## What you should do
Print, exactly and with no pictures, the line containing "R7894 Morocco 1" and each line after it to the end of the entries below.

BEGIN Input data

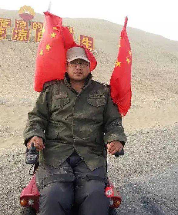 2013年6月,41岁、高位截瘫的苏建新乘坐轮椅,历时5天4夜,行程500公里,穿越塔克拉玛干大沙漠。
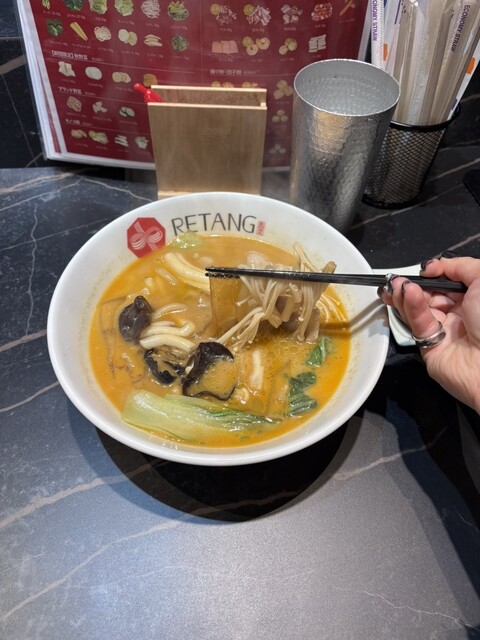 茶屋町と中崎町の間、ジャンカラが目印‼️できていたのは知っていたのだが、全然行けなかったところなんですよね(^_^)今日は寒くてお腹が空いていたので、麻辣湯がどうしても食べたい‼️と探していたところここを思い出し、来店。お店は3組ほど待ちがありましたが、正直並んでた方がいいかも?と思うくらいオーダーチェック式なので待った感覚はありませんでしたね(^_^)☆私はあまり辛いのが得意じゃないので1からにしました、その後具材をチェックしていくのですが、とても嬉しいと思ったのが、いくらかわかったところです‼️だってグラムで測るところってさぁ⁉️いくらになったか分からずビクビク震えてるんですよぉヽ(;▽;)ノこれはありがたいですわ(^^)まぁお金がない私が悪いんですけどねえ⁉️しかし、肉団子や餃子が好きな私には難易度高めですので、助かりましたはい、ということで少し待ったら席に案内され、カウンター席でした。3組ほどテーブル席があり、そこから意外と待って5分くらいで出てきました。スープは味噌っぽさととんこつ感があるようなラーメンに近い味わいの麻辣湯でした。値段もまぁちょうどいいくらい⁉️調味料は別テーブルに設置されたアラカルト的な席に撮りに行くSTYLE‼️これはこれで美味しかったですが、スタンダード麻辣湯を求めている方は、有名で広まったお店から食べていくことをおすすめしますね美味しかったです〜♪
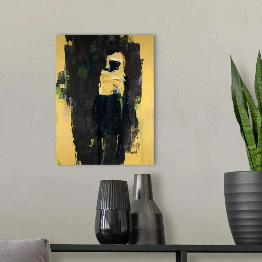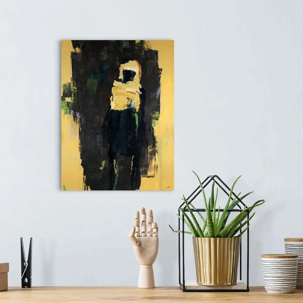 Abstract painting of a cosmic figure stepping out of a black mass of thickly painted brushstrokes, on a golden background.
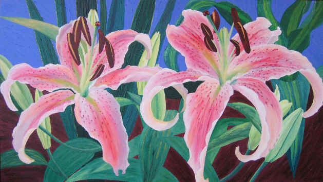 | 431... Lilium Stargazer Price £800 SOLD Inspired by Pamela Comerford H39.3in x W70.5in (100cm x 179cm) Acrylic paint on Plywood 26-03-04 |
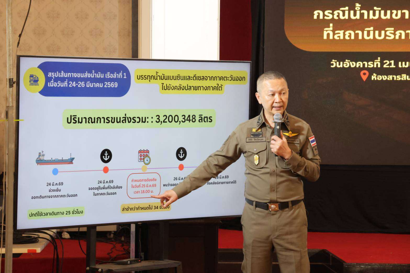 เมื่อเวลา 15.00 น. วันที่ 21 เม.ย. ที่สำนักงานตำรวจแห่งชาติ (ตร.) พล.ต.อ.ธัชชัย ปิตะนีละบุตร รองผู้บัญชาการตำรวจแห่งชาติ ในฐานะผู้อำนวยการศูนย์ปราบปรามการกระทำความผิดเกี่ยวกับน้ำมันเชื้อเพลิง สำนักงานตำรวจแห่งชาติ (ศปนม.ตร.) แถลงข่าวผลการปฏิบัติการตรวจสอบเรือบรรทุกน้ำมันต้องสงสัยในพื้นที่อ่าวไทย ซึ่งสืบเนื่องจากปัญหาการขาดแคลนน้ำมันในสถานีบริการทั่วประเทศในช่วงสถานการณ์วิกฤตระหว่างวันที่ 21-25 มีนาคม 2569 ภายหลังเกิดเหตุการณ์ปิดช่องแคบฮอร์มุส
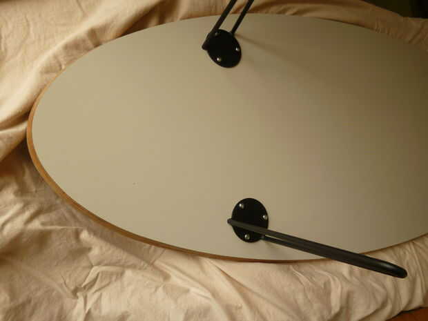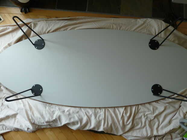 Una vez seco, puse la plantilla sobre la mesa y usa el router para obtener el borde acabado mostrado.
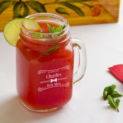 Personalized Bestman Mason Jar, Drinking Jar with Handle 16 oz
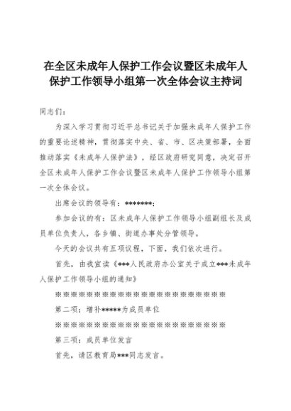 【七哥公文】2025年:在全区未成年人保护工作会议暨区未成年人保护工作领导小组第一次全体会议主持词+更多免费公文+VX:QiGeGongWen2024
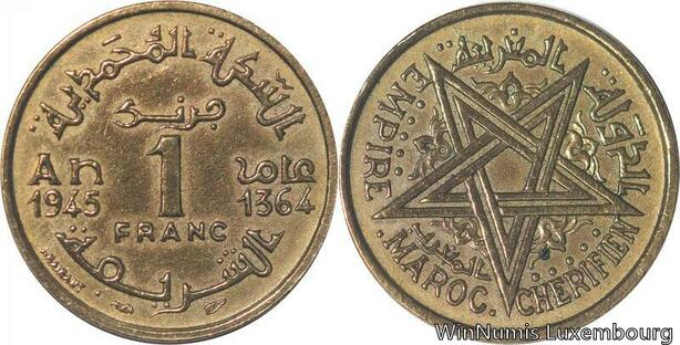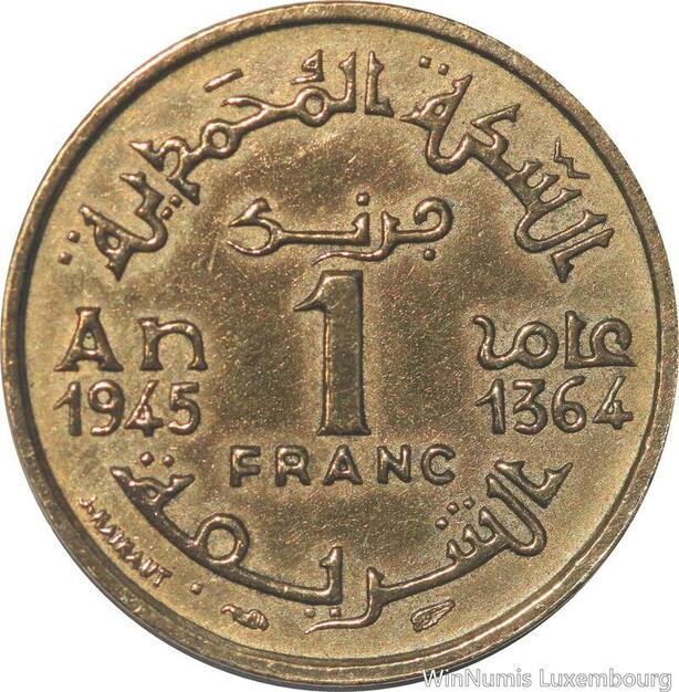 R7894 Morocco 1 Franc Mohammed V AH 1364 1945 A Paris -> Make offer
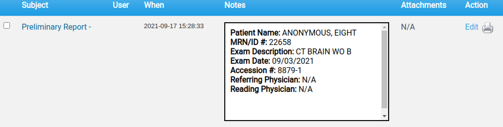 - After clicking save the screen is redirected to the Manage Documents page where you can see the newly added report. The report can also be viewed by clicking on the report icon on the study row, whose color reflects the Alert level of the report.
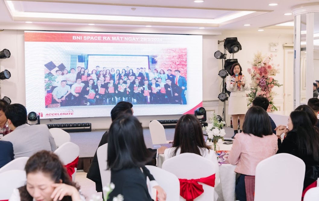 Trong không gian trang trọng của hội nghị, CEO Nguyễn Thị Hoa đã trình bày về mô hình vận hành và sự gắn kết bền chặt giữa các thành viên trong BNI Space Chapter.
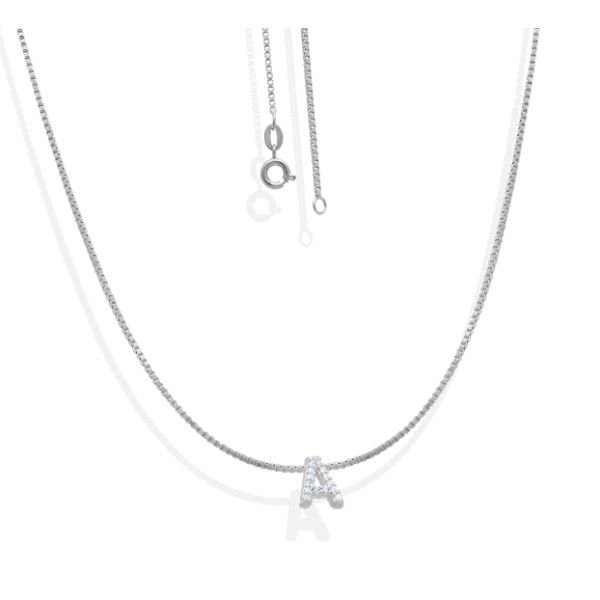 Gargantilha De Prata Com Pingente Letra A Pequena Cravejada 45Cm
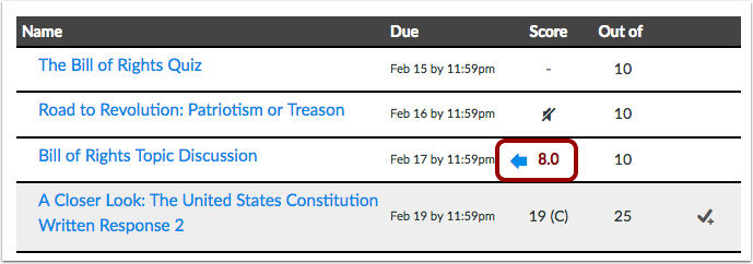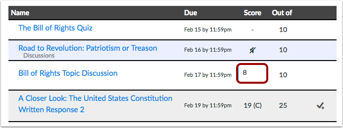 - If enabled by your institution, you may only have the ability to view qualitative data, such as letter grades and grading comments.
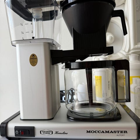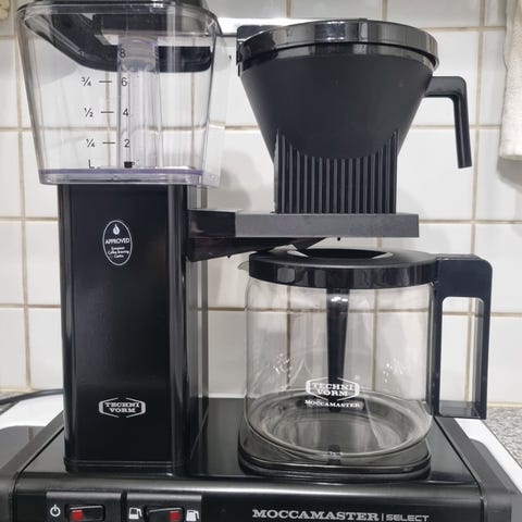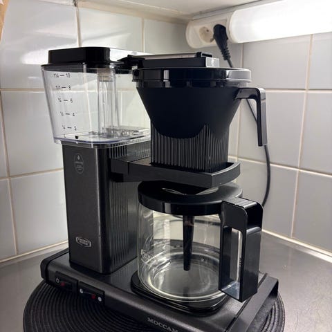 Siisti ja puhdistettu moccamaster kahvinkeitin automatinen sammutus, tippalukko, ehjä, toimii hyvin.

END Input data

## Answer for this exercise
 R7894 Morocco 1 Franc Mohammed V AH 1364 1945 A Paris -> Make offer
 - After clicking save the screen is redirected to the Manage Documents page where you can see the newly added report. The report can also be viewed by clicking on the report icon on the study row, whose color reflects the Alert level of the report.
 Trong không gian trang trọng của hội nghị, CEO Nguyễn Thị Hoa đã trình bày về mô hình vận hành và sự gắn kết bền chặt giữa các thành viên trong BNI Space Chapter.
 Gargantilha De Prata Com Pingente Letra A Pequena Cravejada 45Cm
 - If enabled by your institution, you may only have the ability to view qualitative data, such as letter grades and grading comments.
 Siisti ja puhdistettu moccamaster kahvinkeitin automatinen sammutus, tippalukko, ehjä, toimii hyvin.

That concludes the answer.